[Records from a dataset]
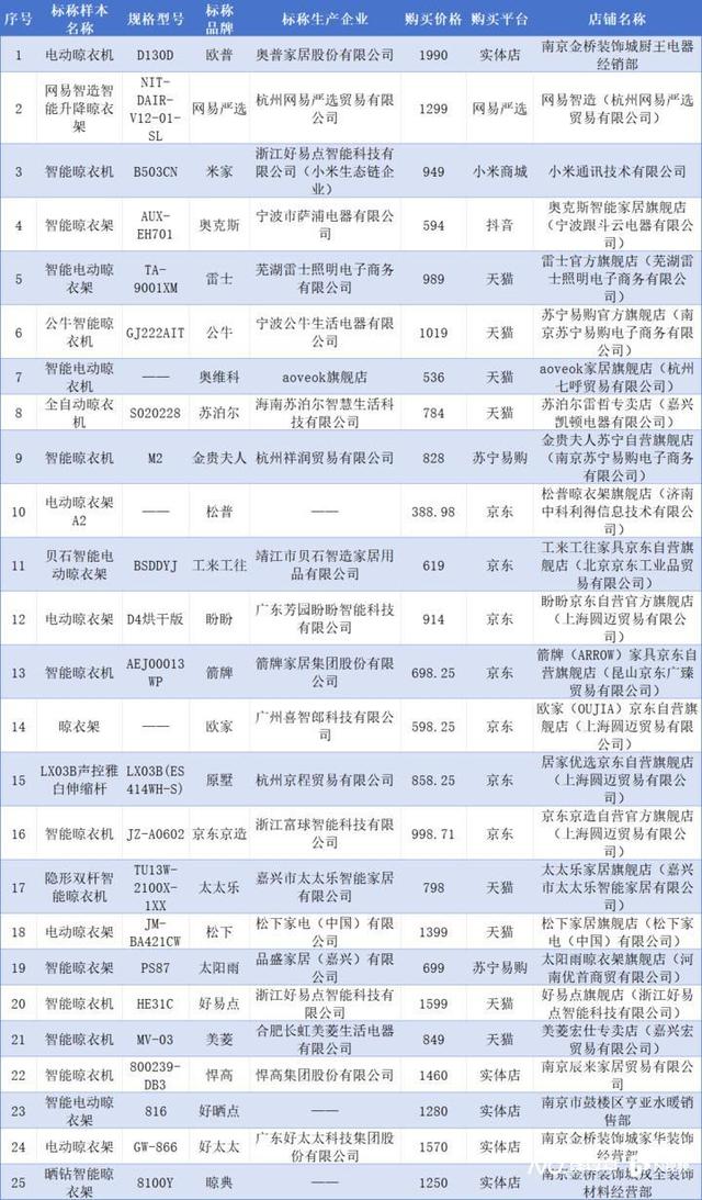 据了解,本次比较试验的25款智能晾衣架样品,分别在天猫、京东等6家电商平台以及5家实体店购买,涉及品牌包括欧普、网易严选、米家、奥克斯、雷士、公牛、奥维科、苏泊尔、金贵夫人、松普、公来公往、盼盼、箭牌、欧家、原墅、京东京造、太太乐、松下、太阳雨、好易点、美菱、悍高、好晒点、好太太、晾点,价格从536元到1990元不等。
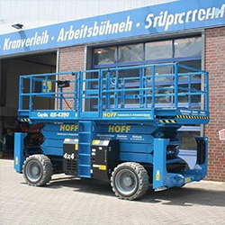 Wir besitzen um die 30 Scherenarbeitsbühnen, darunter elektrobetriebene, dieselbetriebene und dieselbetriebene Raupenscherenarbeitsbühne. An unseren Standorten in Damme, Neuenkirchen-Vörden und Bakum sind wir Ihr zuverlässiger Partner für die Vermietung und den Verleih von Autokranen, Hebebühnen und Teleskopladern.
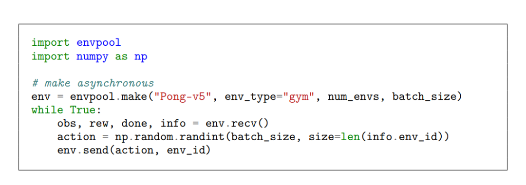 ,分别是 env.recv() 负责接收异步执行的环境里已经执行完成的 batch_size 个环境的输出,而 agent 执行完后得到的一个 batch 的 action 则通过 env.send() 函数送回 EnvPool 对应的 env_id 中。
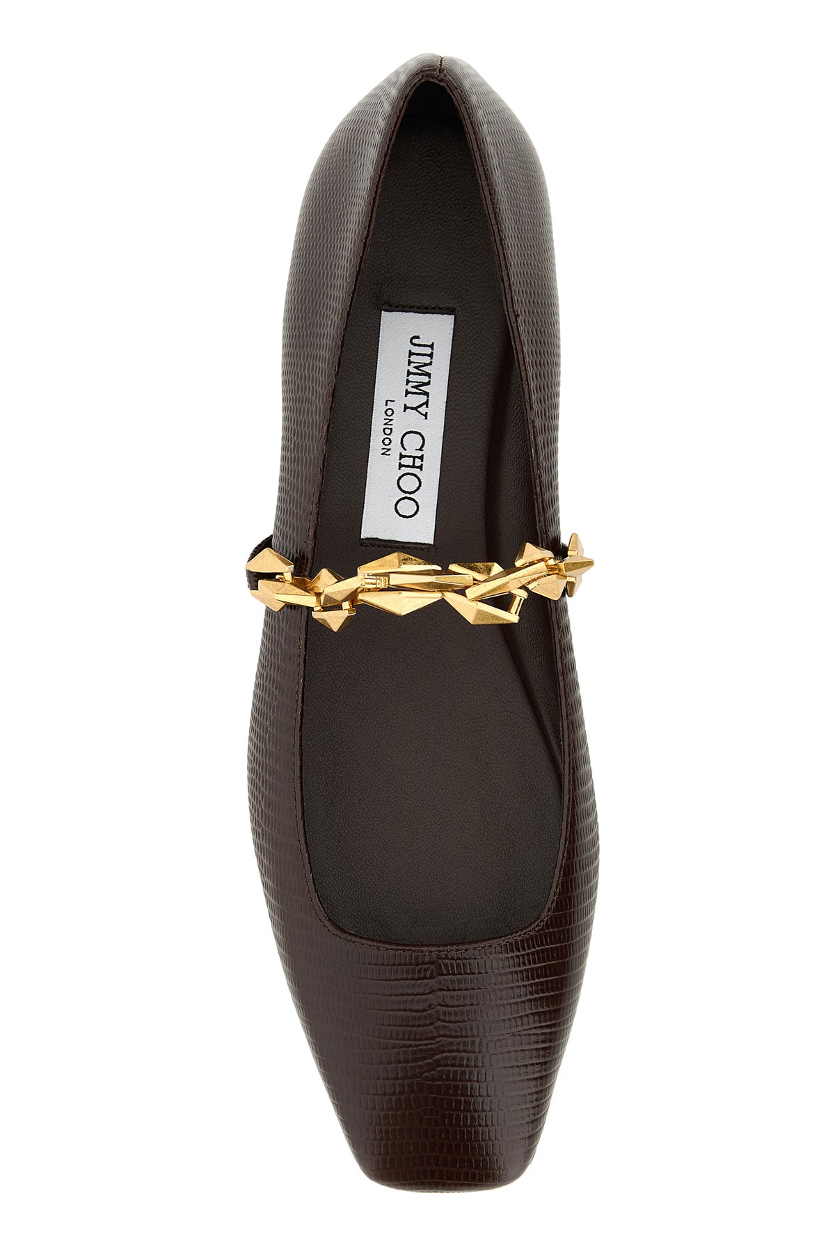 Ballerinas realized in lizard motif embossed leather enriched by Diamond metal chain on the instep.
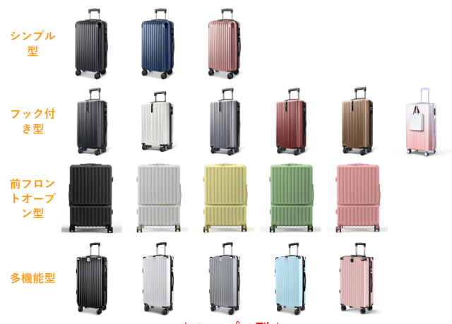 ?? 調整可能キャリバー・隠しフック・USB充電口・TSAロック:スマホ充電や小物掛けに便利。
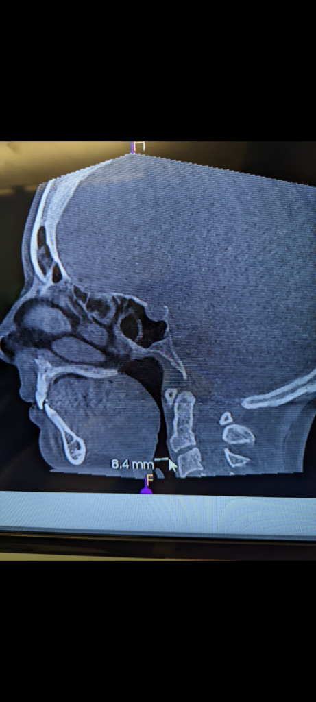 The CT scan measured my airway at 8.4 MM. Average female pharynx is 33 MM.
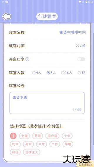 4、再输入寝室名称、就寝时间、口令、人数、公告,选择标签就可以创建寝室了。
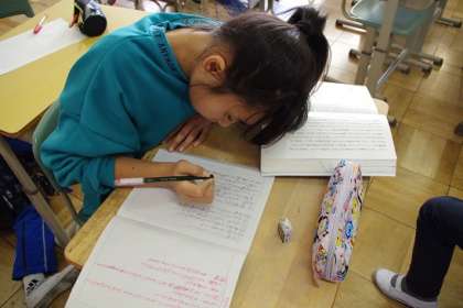 みんなで協力したり、話し合ったりする活動も大切ですが、一人で考え、もくもくと取り組む活動も大切にしたいです。
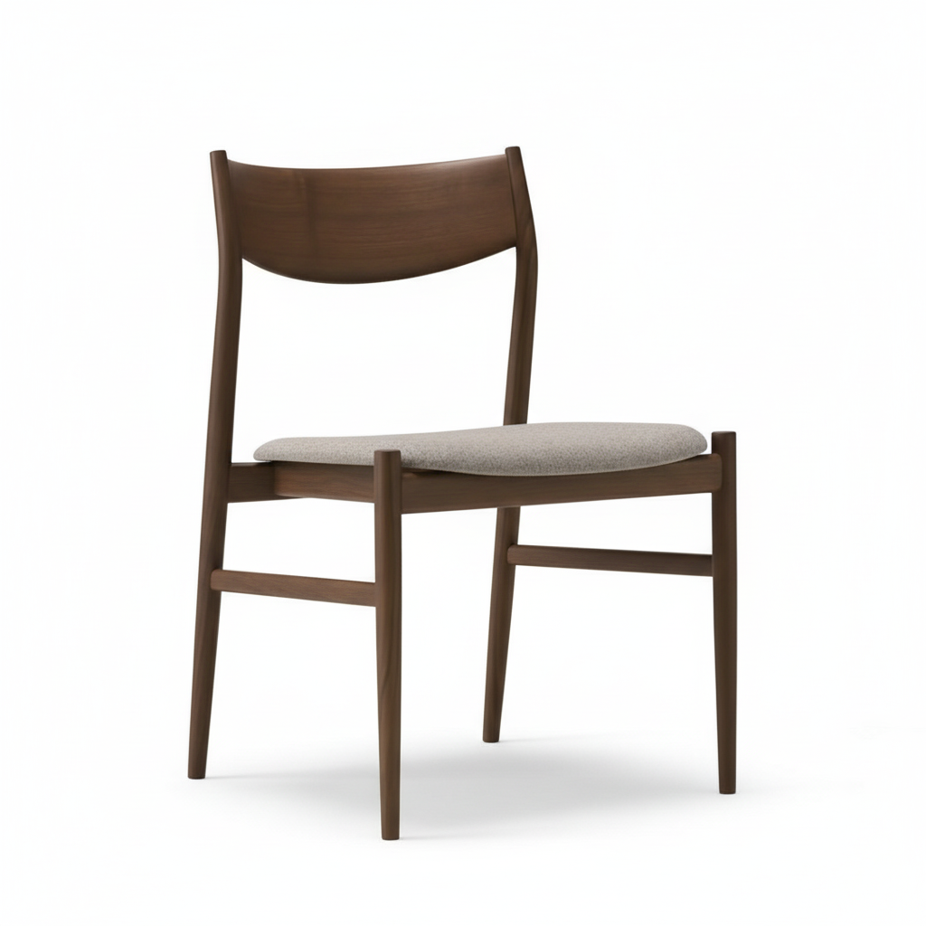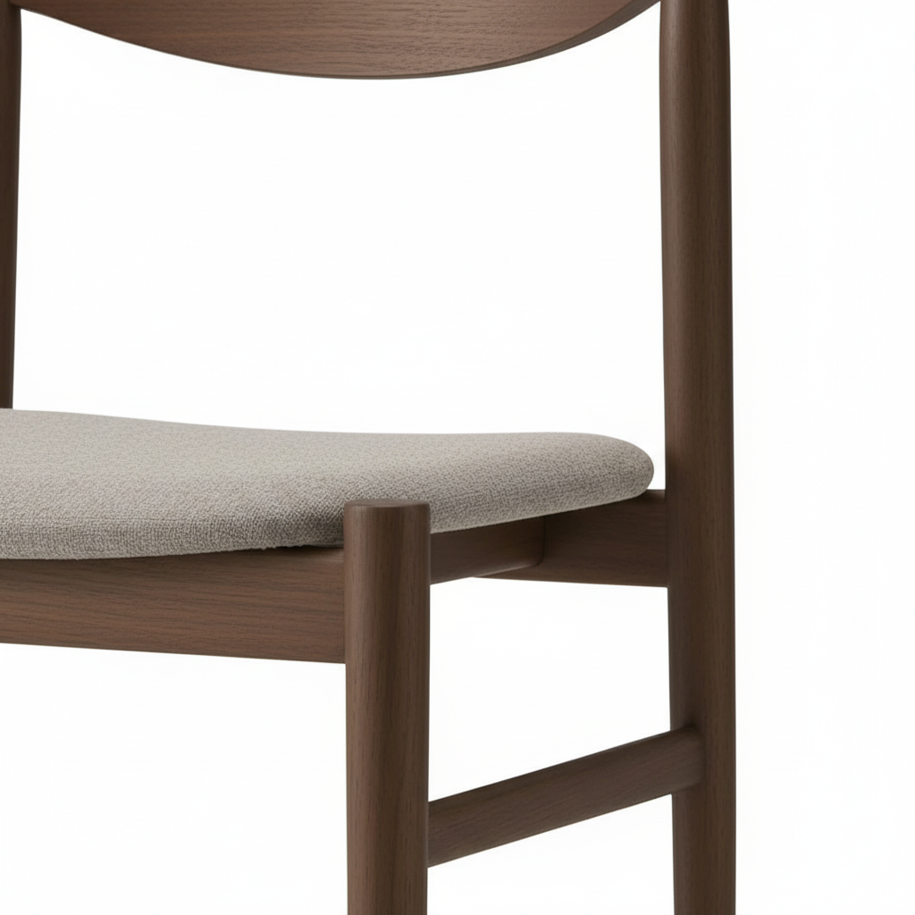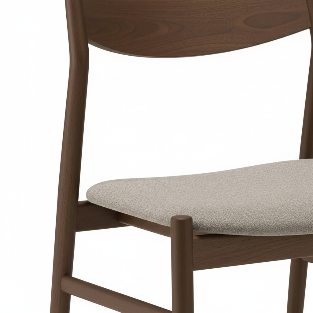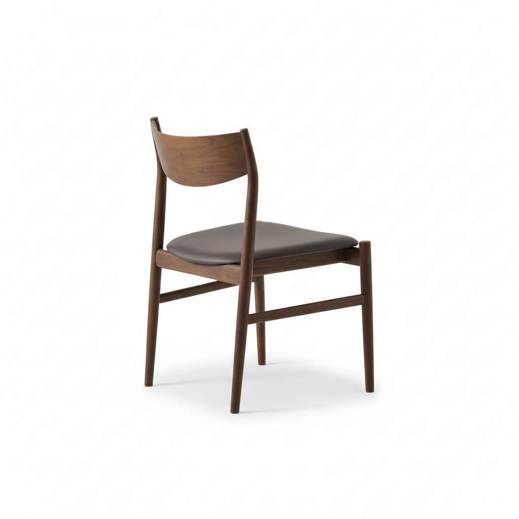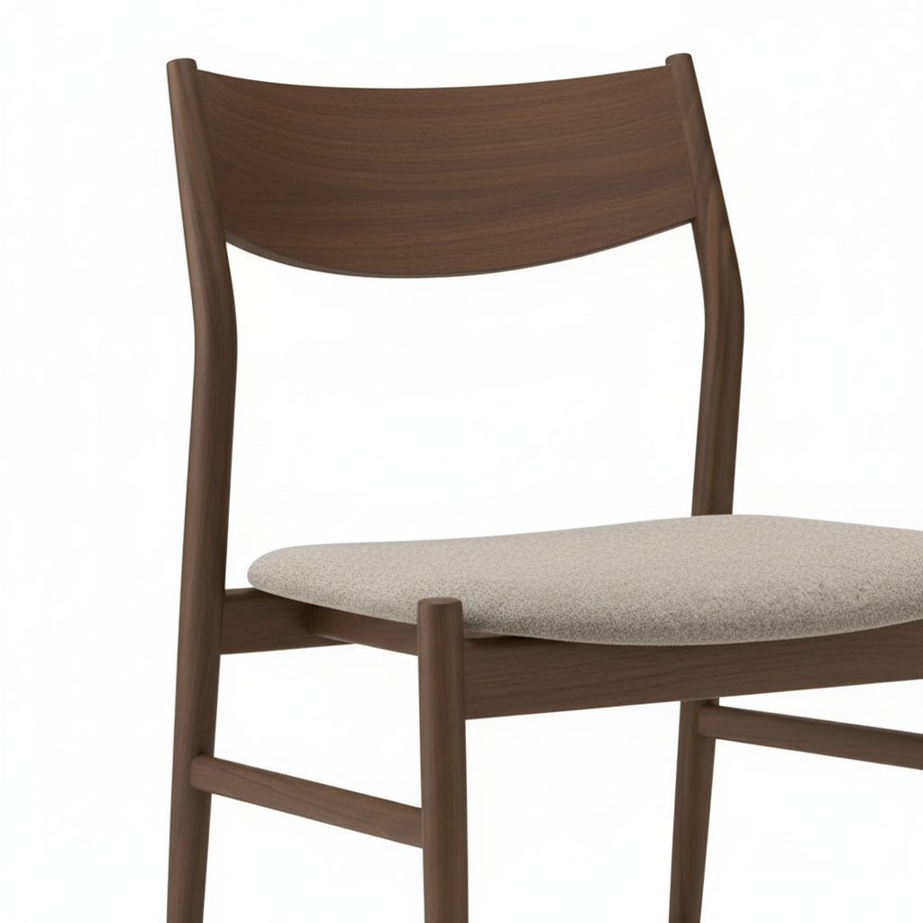 Tựa lưng gỗ cong nhẹ vừa đủ để tạo điểm tựa thoải mái, đồng thời giữ cho tổng thể ghế luôn gọn gàng và tinh tế.

What the exercise asks –
Write every line above again exactly, but leave the pictures out.

Exercise answer –
 据了解,本次比较试验的25款智能晾衣架样品,分别在天猫、京东等6家电商平台以及5家实体店购买,涉及品牌包括欧普、网易严选、米家、奥克斯、雷士、公牛、奥维科、苏泊尔、金贵夫人、松普、公来公往、盼盼、箭牌、欧家、原墅、京东京造、太太乐、松下、太阳雨、好易点、美菱、悍高、好晒点、好太太、晾点,价格从536元到1990元不等。
 Wir besitzen um die 30 Scherenarbeitsbühnen, darunter elektrobetriebene, dieselbetriebene und dieselbetriebene Raupenscherenarbeitsbühne. An unseren Standorten in Damme, Neuenkirchen-Vörden und Bakum sind wir Ihr zuverlässiger Partner für die Vermietung und den Verleih von Autokranen, Hebebühnen und Teleskopladern.
 ,分别是 env.recv() 负责接收异步执行的环境里已经执行完成的 batch_size 个环境的输出,而 agent 执行完后得到的一个 batch 的 action 则通过 env.send() 函数送回 EnvPool 对应的 env_id 中。
 Ballerinas realized in lizard motif embossed leather enriched by Diamond metal chain on the instep.
 ?? 調整可能キャリバー・隠しフック・USB充電口・TSAロック:スマホ充電や小物掛けに便利。
 The CT scan measured my airway at 8.4 MM. Average female pharynx is 33 MM.
 4、再输入寝室名称、就寝时间、口令、人数、公告,选择标签就可以创建寝室了。
 みんなで協力したり、話し合ったりする活動も大切ですが、一人で考え、もくもくと取り組む活動も大切にしたいです。
 Tựa lưng gỗ cong nhẹ vừa đủ để tạo điểm tựa thoải mái, đồng thời giữ cho tổng thể ghế luôn gọn gàng và tinh tế.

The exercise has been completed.